I thought about this before. Issue with the FOID is instead of registering the firearm, you're now registering the person. And you can't have firearms without the FOID. So if a person just has one gun for their lifetime, they have to continue to get FOIDs while they own their gun.
Filling out forms is a PITA and could be more efficient.
The obvious breakdown in the current system is a person could have already purchased a number of guns under individual pistol and long gun permits. Then suppose they become addicted to meth, have an untreated mental health problem, etc.
That person has no need to go out and buy another gun should they be planning on creating havoc. They are already in possession of firearms.
Without a mechanism to update their status with regards to being a safe, responsible gun owner, they will fly beneath the radar until they get caught doing something illegal. At that point, you're locking the barn door after the cows have gotten out.
If they "register the person," as you said, then there would be a background check and review of medical records periodically assuming the person wants to continue owning guns. As it stands, that doesn't happen in HI without the submission of another permit application.
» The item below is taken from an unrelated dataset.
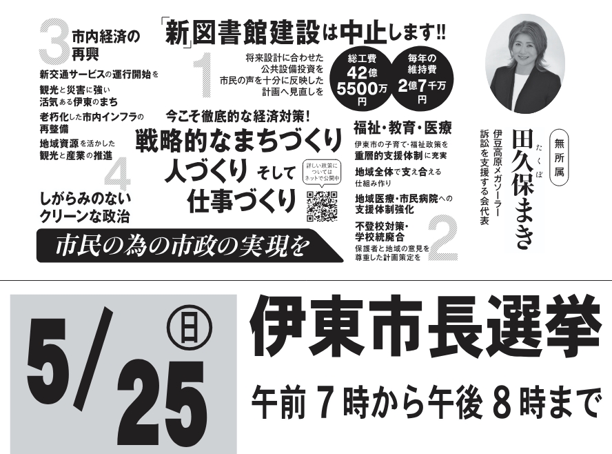 これを見て田久保に投票した奴は、イケオバ、図書館廃止、利権廃止、ソーラー潰しだね。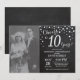 Invitación de décimo aniversario de boda con foto personalizada. Invitación de pizarra negra y plateada. Décimo aniversario de boda. Fondo de diamante de pizarra negra y plateada con brillo. Confeti plateado. Cumpleaños adulto. Fiesta de cumpleaños para hombre o mujer. Para una mayor personalización, haga clic en el botón "Personalizar" y use nuestra herramienta de diseño para modificar esta plantilla.

RAPBACK was supposed to fill this void, as sort of a running background check system. Anything that's reported to the system regardless of the state it happened in is updated in RAPBACK, and HPD is notified. HPD can then decide if a review of the individual's fitness to own guns needs to take place.
Of course, RAPBACK has never been implemented for gun owners as far as I have seen, but it does focus on a potential solution for the permit problem -- identify adverse changes more often than "whenever they buy another gun -- if ever."
I think an FOID would be a good compromise between total 2A freedom and what we have now. Walk into a gun shop with a current FOID, and leave with whatever you want to buy -- no wait period required.
That's the other stupid thing. Why enforce a 2 week waiting period for someone who already owns firearms? Is that newly acquired gun the one we ought to care about as opposed the 30 he already has at home?